» **Required action**
Quote the lines below from the one containing "وطالبت حملة حريتها" to the final line, both ends included; exclude the pictures.

» **Input data**
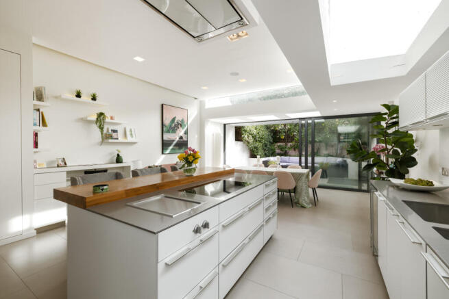 Engineered hardwood flooring runs throughout the principal spaces, complemented by extensive bespoke joinery in walnut and oak. These custom elements provide both visual continuity and generous integrated storage, while maintaining a clean, uncluttered feel. The house is fully future-proofed, with Category 7 cabling and a Sonos sound system installed across the ground and first floors, including the garden, alongside a dedicated 5.1 surround-sound cinema room discreetly integrated into the design.
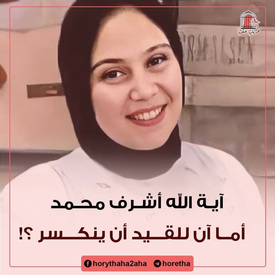 وطالبت حملة حريتها حقها  بالحرية للمعتقلة “آية الله أشرف”، تبلغ من العمر حاليا 25 عاما، خريجة صحافة وإعلام، تم اعتقالها ٤ أكتوبر ٢٠١٨ بعد تكسير أثاث المنزل والاعتداء على أشقائها بالضرب!.
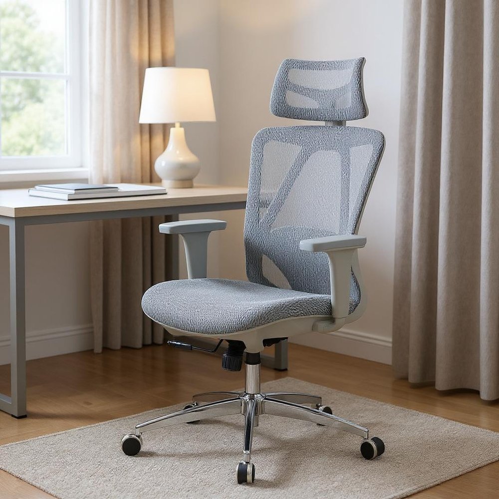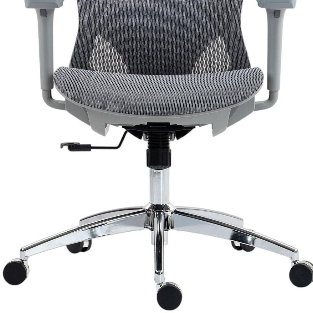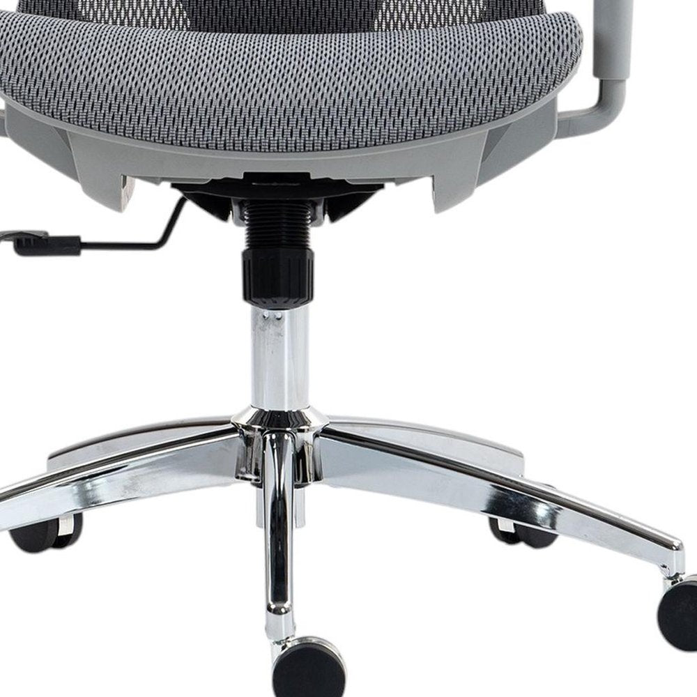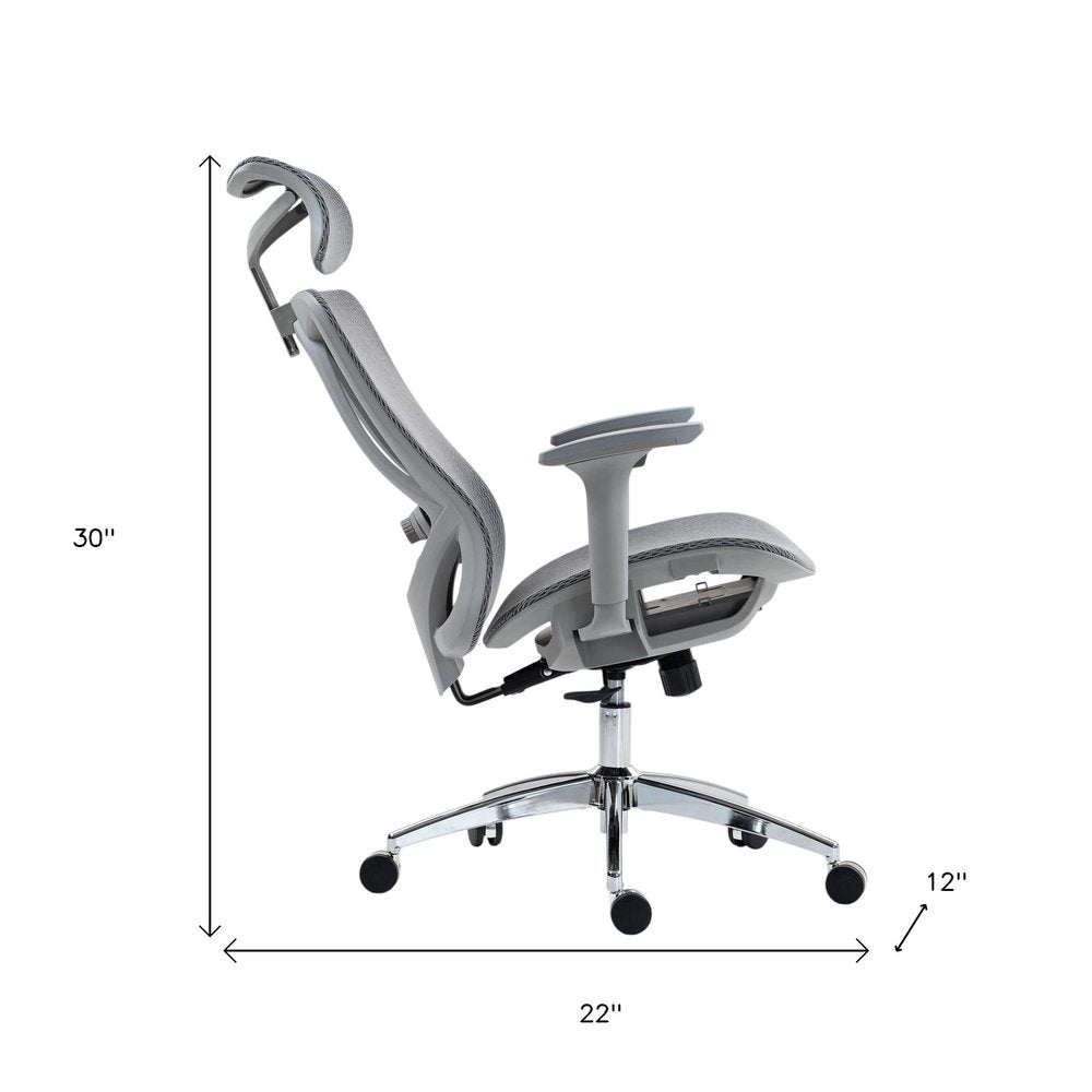 This gray and silver adjustable height swivel rolling office chair is a top performer when it comes to style and support. Ergonomic by design, this chair rolls, swivels, and even tilts. This chair features a stainless-steel frame to provide sturdiness when the chair is in use. Features adjustable lumbar support so that you're fully aligned and ensures you get maximum support when and where you need it most. Furnish your office or home office in comfort and style with this high-quality office chair. 30.00-inch h x 22.00-inch w x 12.00-inch d.

» **Worked solution**
 وطالبت حملة حريتها حقها  بالحرية للمعتقلة “آية الله أشرف”، تبلغ من العمر حاليا 25 عاما، خريجة صحافة وإعلام، تم اعتقالها ٤ أكتوبر ٢٠١٨ بعد تكسير أثاث المنزل والاعتداء على أشقائها بالضرب!.
 This gray and silver adjustable height swivel rolling office chair is a top performer when it comes to style and support. Ergonomic by design, this chair rolls, swivels, and even tilts. This chair features a stainless-steel frame to provide sturdiness when the chair is in use. Features adjustable lumbar support so that you're fully aligned and ensures you get maximum support when and where you need it most. Furnish your office or home office in comfort and style with this high-quality office chair. 30.00-inch h x 22.00-inch w x 12.00-inch d.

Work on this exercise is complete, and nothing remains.